→ **EXERCISE BRIEF**
Every entry in the data that follows should come back exactly, pictures aside.

→ **INPUT**
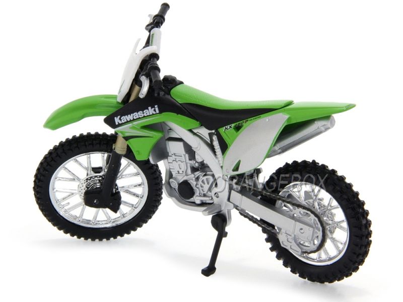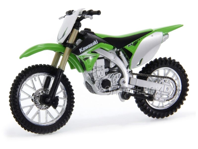 Miniatura Kawasaki KX 450F Bburago 1:18 Miniatura fabricada em plástico com partes em metal Produto novo, na embalagem original Miniatura em escala 1:18, com 11,5cm Marca: Bburago Pneus de borracha Guidon ativo Somente o tanque é em metal
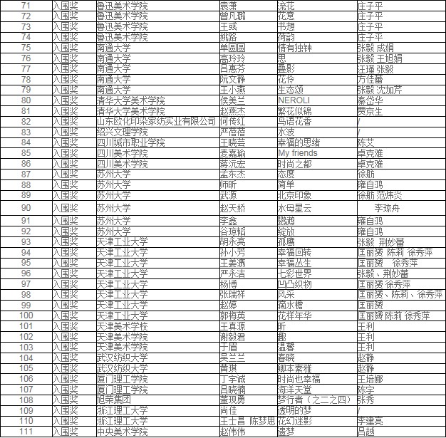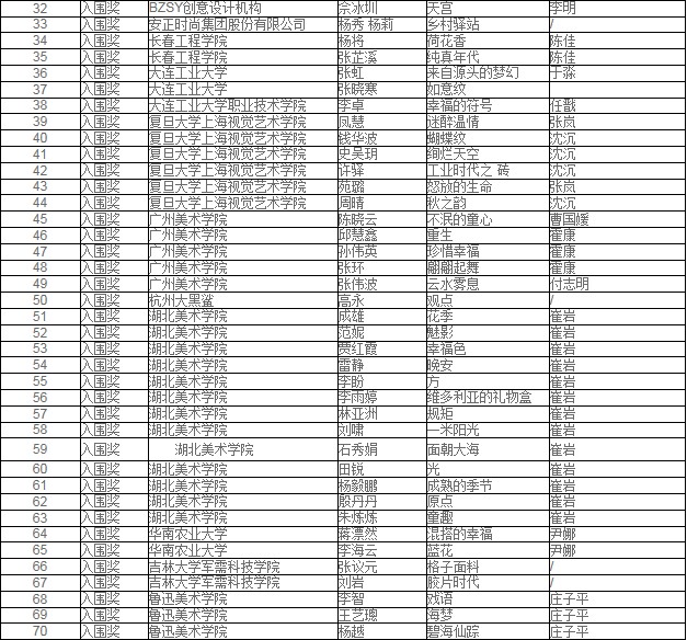 获奖名单信息
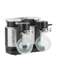 Laboport SR 820 G by KNF is a chemical-resistant vacuum pump system that features an N 820 G diaphragm vacuum pump, mounted on a base plate with two separator bottles on the suction and pressure sides. Designed for optimal performance, it handles extremely aggressive or corrosive gases and vapors thanks to its high steam and condensate compatibility.
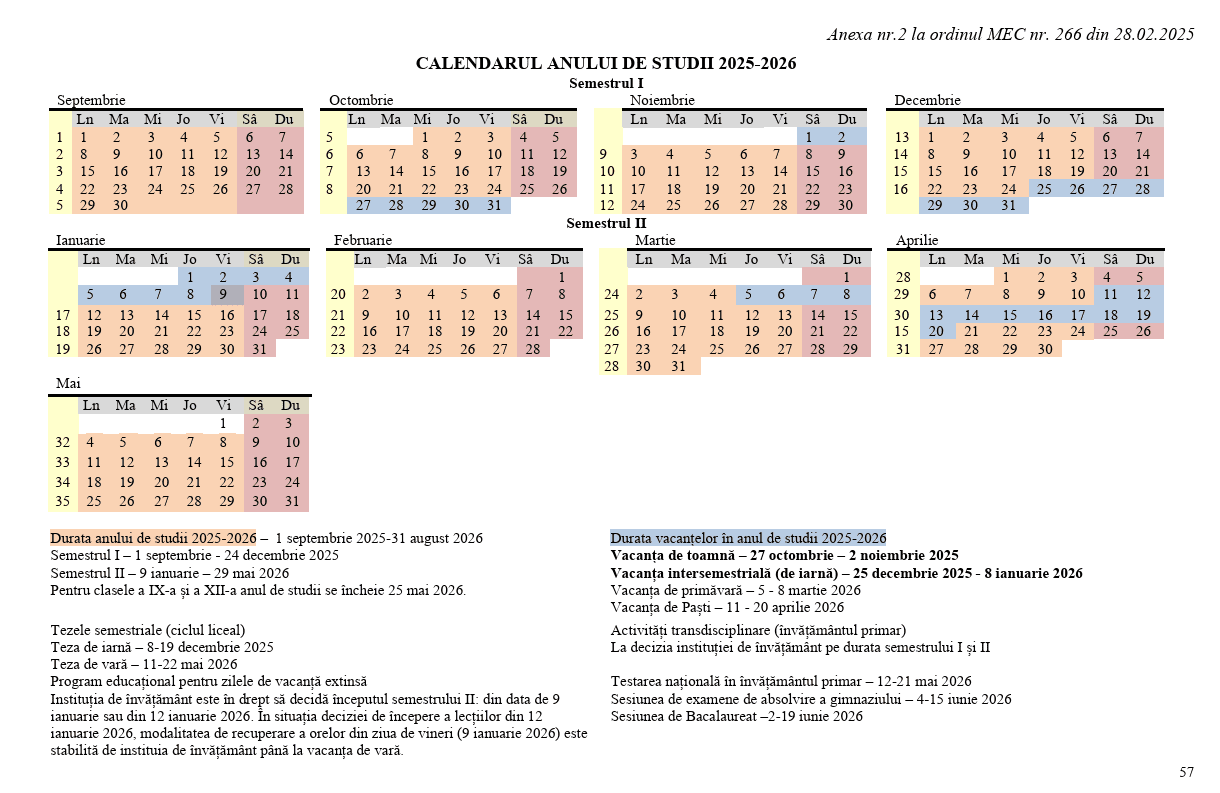 Продолжительность каникул установлена ​​в Календаре на 2025-2026 учебный год, утвержденном приказом Министерства образования и исследований.
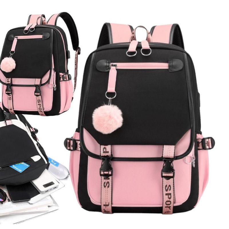 LIVEFY ruksak s USB kabelom Aura 1, ružičasta
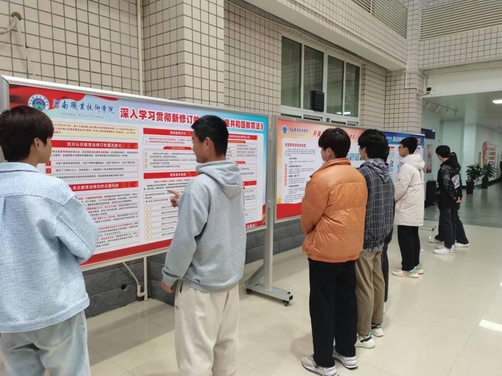 校党委副书记、纪委书记田华带领师生代表受邀参加了由省教育厅、省司法厅主办的“河南省教育系统第二届法治教育宣传周活动启动仪式”。学校第二届法治教育宣传周活动,由党政办、宣传部、院团委牵头,其他相关部门及各二级学院配合实施。在宣传活动中,充分利用学校校报、宣传展板、校园网络、电子屏幕等各类媒体,对《中华人民共和国宪法》《中华人民共和国教育法》《中华人民共和国职业教育法》《中华人民共和国保密法》等法律法规进行宣传。同时围绕“防范网络诈骗”“增强保密意识,筑牢安全防线”“预防青少年犯罪”等主题,运用师生喜闻乐见的形式,开展了法治宣传教育讲座、法律知识竞答、观看法治影片等一系列丰富多样的法治宣传活动。活动期间,全校师生广泛积极参与,掀起了我校师生学法、守法、用法的法治宣传热潮。
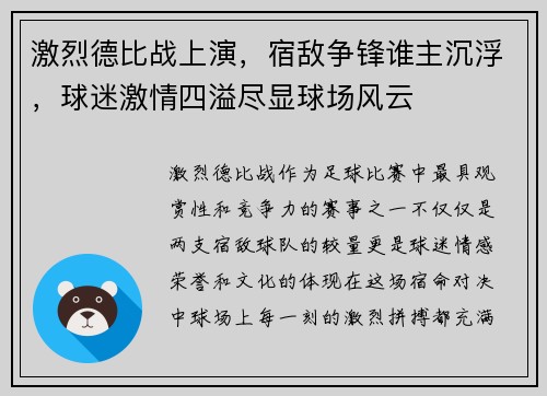 激烈德比战,作为足球比赛中最具观赏性和竞争力的赛事之一,不仅仅是两支宿敌球队的较量,更是球迷情感、荣誉和文化的体现。在这场宿命对决中,球场上每一刻的激烈拼搏都充满了悬念和戏剧性。球员们在场上的每一脚传...

→ **PROBLEM SOLUTION**
 Miniatura Kawasaki KX 450F Bburago 1:18 Miniatura fabricada em plástico com partes em metal Produto novo, na embalagem original Miniatura em escala 1:18, com 11,5cm Marca: Bburago Pneus de borracha Guidon ativo Somente o tanque é em metal
 获奖名单信息
 Laboport SR 820 G by KNF is a chemical-resistant vacuum pump system that features an N 820 G diaphragm vacuum pump, mounted on a base plate with two separator bottles on the suction and pressure sides. Designed for optimal performance, it handles extremely aggressive or corrosive gases and vapors thanks to its high steam and condensate compatibility.
 Продолжительность каникул установлена ​​в Календаре на 2025-2026 учебный год, утвержденном приказом Министерства образования и исследований.
 LIVEFY ruksak s USB kabelom Aura 1, ružičasta
 校党委副书记、纪委书记田华带领师生代表受邀参加了由省教育厅、省司法厅主办的“河南省教育系统第二届法治教育宣传周活动启动仪式”。学校第二届法治教育宣传周活动,由党政办、宣传部、院团委牵头,其他相关部门及各二级学院配合实施。在宣传活动中,充分利用学校校报、宣传展板、校园网络、电子屏幕等各类媒体,对《中华人民共和国宪法》《中华人民共和国教育法》《中华人民共和国职业教育法》《中华人民共和国保密法》等法律法规进行宣传。同时围绕“防范网络诈骗”“增强保密意识,筑牢安全防线”“预防青少年犯罪”等主题,运用师生喜闻乐见的形式,开展了法治宣传教育讲座、法律知识竞答、观看法治影片等一系列丰富多样的法治宣传活动。活动期间,全校师生广泛积极参与,掀起了我校师生学法、守法、用法的法治宣传热潮。
 激烈德比战,作为足球比赛中最具观赏性和竞争力的赛事之一,不仅仅是两支宿敌球队的较量,更是球迷情感、荣誉和文化的体现。在这场宿命对决中,球场上每一刻的激烈拼搏都充满了悬念和戏剧性。球员们在场上的每一脚传...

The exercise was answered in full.